Monsieur le Président et Mesdames et Messieurs les membres de la Haute Juridiction; plusieurs de nos compatriotes ont déjà et publiquement manifesté leur intention de se porter candidat à cette élection présidentielle et pour certains, leur moralité douteuse nonobstant.

Le citoyen soucieux du respect de notre loi fondamentale que je suis se permet (et je suis certain que vous le lui permettez) d’attirer votre attention sur les cas dont il a connaissance, afin que si ces dossiers de candidature parvenaient devant vous, vous les examiniez avec une attention particulière; car un principe essentiel de prévention des délits et crimes (ce pourquoi nos lois sont faites) exige que qui a connaissance de la faute qui va être commise, prévienne afin d’éviter que cette faute soit commise.
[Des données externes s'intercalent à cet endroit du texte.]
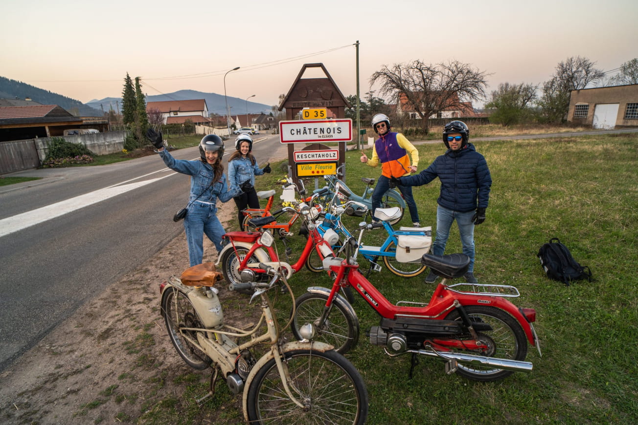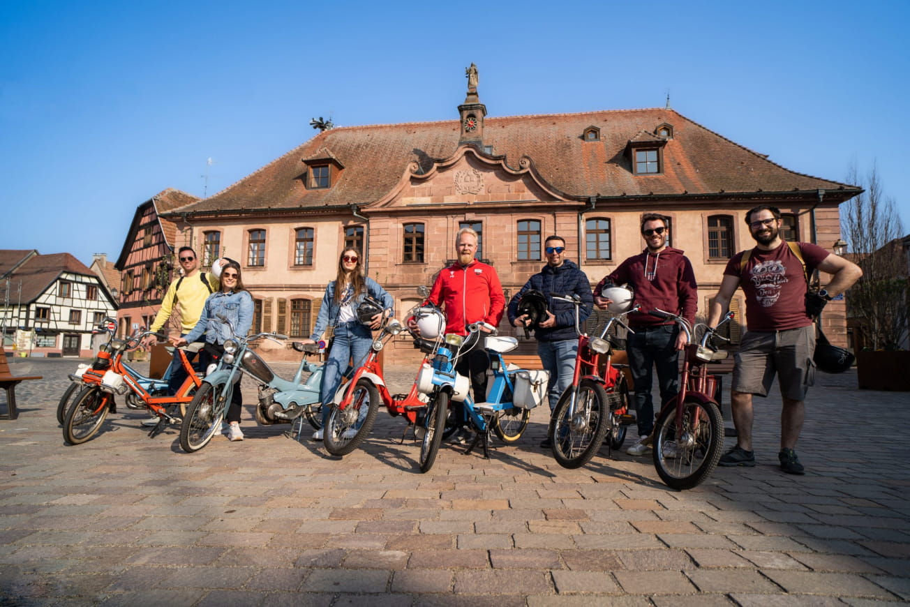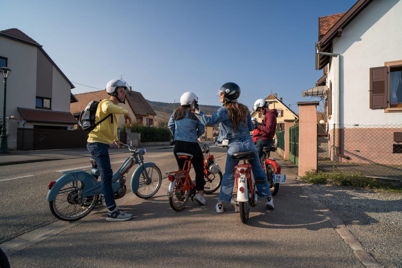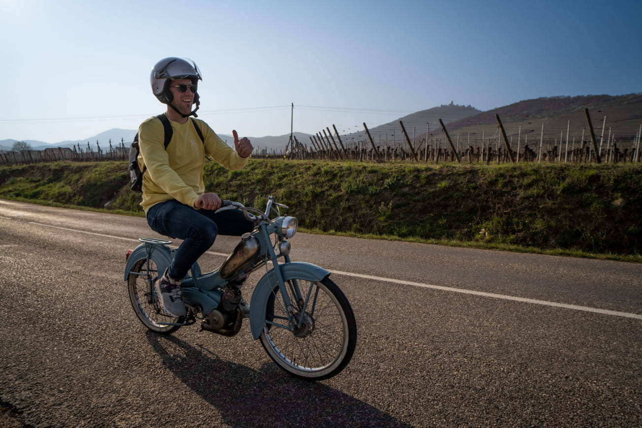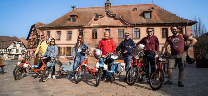 Op zoek naar een originele activiteit in de Elzas ? ✌ Ontdek met Papi's Bécanes vintage brommerritten uit de jaren 50, 60, 70 in het hart van de Elzasser wijngaarden ? Onze ritten voeren u door de Elzasser wijngaarden, de charmante Elzasser dorpjes en de kleine landweggetjes. Wij bieden stops aan bij onze lokale partners om te genieten van lokaal eten en drinken.
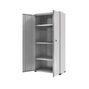 Ele é composto por 03 prateleiras reforçadas, sendo uma fixa e duas reguláveis. Super resistente, suporta até 30Kg bem distribuídos por prateleira. Possui pés niveladores para melhor adaptação e um perfeito acabamento, evitando assim riscos no piso. Sua porta, com fechadura tipo Yale e puxador estampado em perfil PVC possui também reforço ômega e um prefeito acabamento que proporciona maior praticidade de uso.
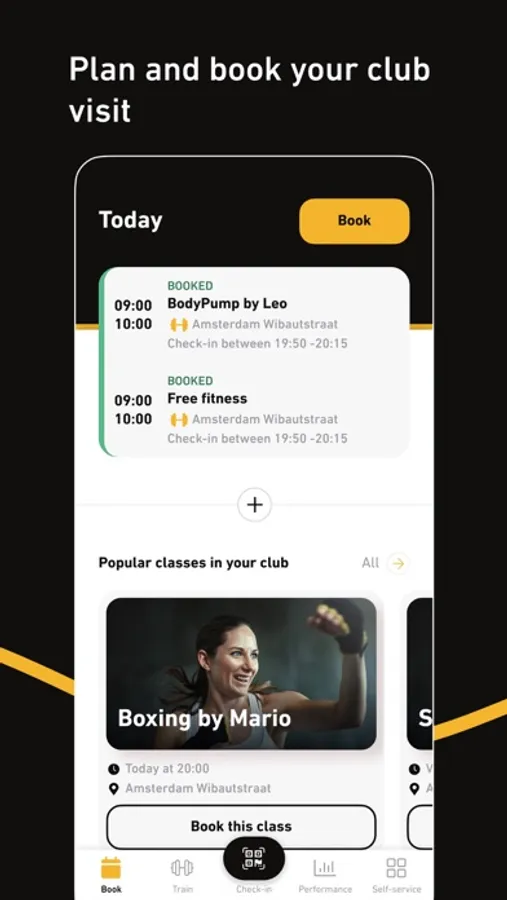 As a club member, you have direct access to the club schedule to book a free fitness timeslot, group lessons, squash, etc. You can easily manage your bookings via your booking overview. In the app, you will also find a variety of workouts and video lessons that you can do at the club and/or at home. This will help you to get started right away! Via your personal performance page, you can track your training efforts.

L’homme honnête qui voit un voleur escalader un mur ne doit pas attendre que le voleur tombe dans la maison et commette le vol avant de prévenir la police. Ainsi, le citoyen ayant le droit de vote que je suis, n’a donc pas besoin d’être lui-même candidat ou d’attendre le dépôt des candidatures avant d’attirer l’attention de la Haute Juridiction sur le manque de moralité de certains qui se préparent à déposer leurs candidatures dans les mêmes conditions que des voleurs en train d’escalader un mur. Si notre requête ne parvenait pas à les en dissuader, qu’elle vous permette au moins de les éliminer. Jugez-en vous-même.

1. Le cas du Sieur Thomas Boni YAYI

• Président de la République, il a reçu au Palais au vu et au su de tout le monde les hauts responsables de ICC-SERVICES qui ont étalé leur malhonnêteté à travers cette scandaleuse collecte frauduleuse des épargnes de nos compatriotes; collecte frauduleuse que le Sieur Thomas Boni YAYI et son gouvernement ne firent rien pour arrêter jusqu’au pourrissement de la situation. N’y a-t-il pas là motif sérieux à douter de la moralité du Sieur Thomas Boni YAYI ?

• Président de la République, le Sieur Thomas Boni YAYI a demandé la mise en examen devant la Haute Cour de Justice de deux (02) ministres qu’il a lui-même nommé et qui ont exercé sous son autorité, et ceci pour des affaires scandaleuses qui se sont déroulées sous son mandat. Ses deux (02) anciens collaborateurs ont publié des documents impliquant directement dans ces affaires scandaleuses le Sieur Thomas Boni YAYI, Président de la République qui jusqu’à ce jour n’a apporté aucune preuve de son innocence. N’y a-t-il pas là motif sérieux à douter de la moralité du Sieur Thomas Boni YAYI?

• Après m’avoir envoyé en prison pendant six (06) mois au motif de la publication d’un périodique dénommé Tout Sauf Yayi Boni; en 2011 (TSYB 2011), le Sieur Thomas Boni YAYI, Président de la République n’a pas cessé de me faire approcher par des personnalités de sa mouvance présidentielle pour me convaincre de renoncer à mon opposition contre sa gouvernance. (…)

C’est au vu de tous ces éléments et considérant l’article 44 de notre CONSTITUTION, que je demande à la Haute Juridiction de constater l’irrecevabilité de la candidature du Sieur Thomas Boni YAYI si cette candidature lui parvenait. (…)

La société d’aujourd’hui construit celle de demain en posant des actes et en donnant l’exemple. J’ai foi que le prestigieux Président et les éminents membres de la Haute Juridiction ont pleinement conscience que la société d’aujourd’hui et celle de demain les observent.

Sages de la Cour Constitutionnelle, puisse DIEU vous inspirer la décision digne d’ETHIQUE et de BONNE MORALITE.